*Instructions to follow:* Could the lines from the top of the material to the line that contains "ESD Schuhe tragen" be retyped exactly, both included and pictures omitted?
══ Dataset excerpt
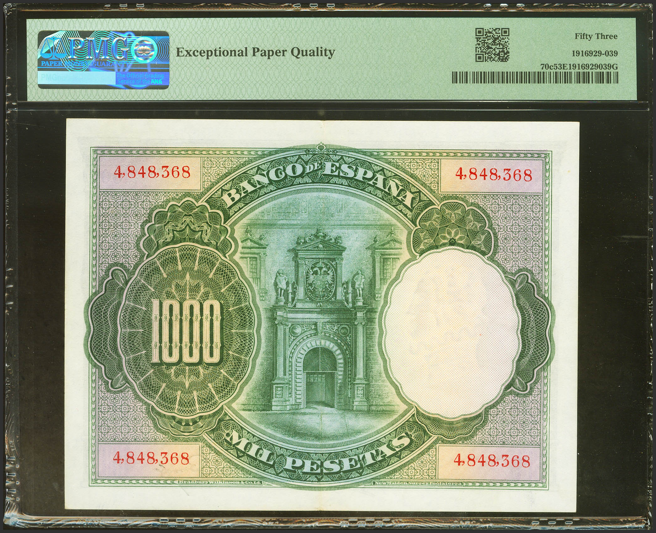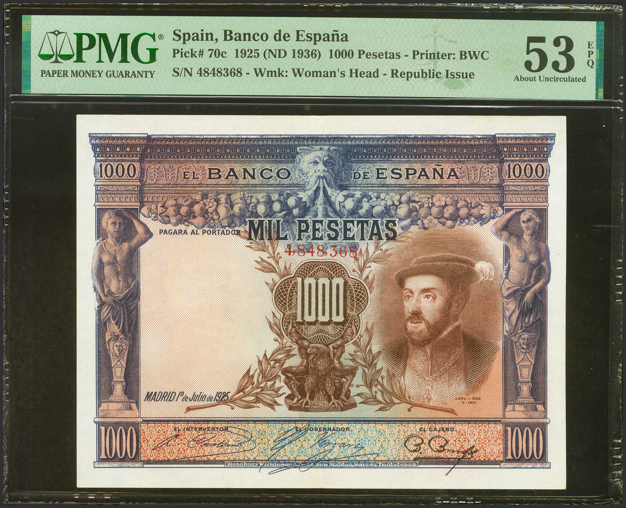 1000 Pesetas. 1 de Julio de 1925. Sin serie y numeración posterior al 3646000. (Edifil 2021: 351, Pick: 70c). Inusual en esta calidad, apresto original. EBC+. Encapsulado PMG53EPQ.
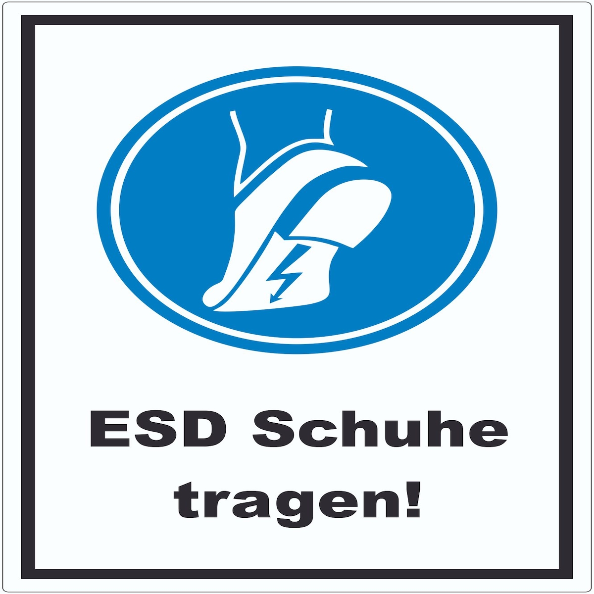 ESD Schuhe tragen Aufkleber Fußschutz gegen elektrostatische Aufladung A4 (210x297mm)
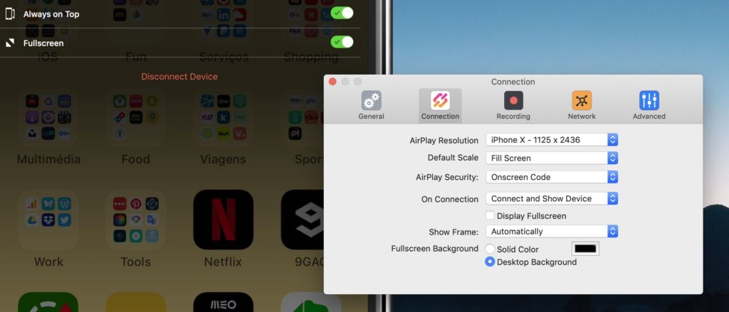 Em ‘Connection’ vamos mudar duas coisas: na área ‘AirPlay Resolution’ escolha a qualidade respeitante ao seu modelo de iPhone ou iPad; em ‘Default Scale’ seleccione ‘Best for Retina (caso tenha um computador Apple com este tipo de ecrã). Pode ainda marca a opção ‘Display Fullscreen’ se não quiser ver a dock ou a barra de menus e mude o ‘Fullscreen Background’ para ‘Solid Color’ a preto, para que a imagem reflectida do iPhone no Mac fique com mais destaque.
════
*Problem solution:*
 1000 Pesetas. 1 de Julio de 1925. Sin serie y numeración posterior al 3646000. (Edifil 2021: 351, Pick: 70c). Inusual en esta calidad, apresto original. EBC+. Encapsulado PMG53EPQ.
 ESD Schuhe tragen Aufkleber Fußschutz gegen elektrostatische Aufladung A4 (210x297mm)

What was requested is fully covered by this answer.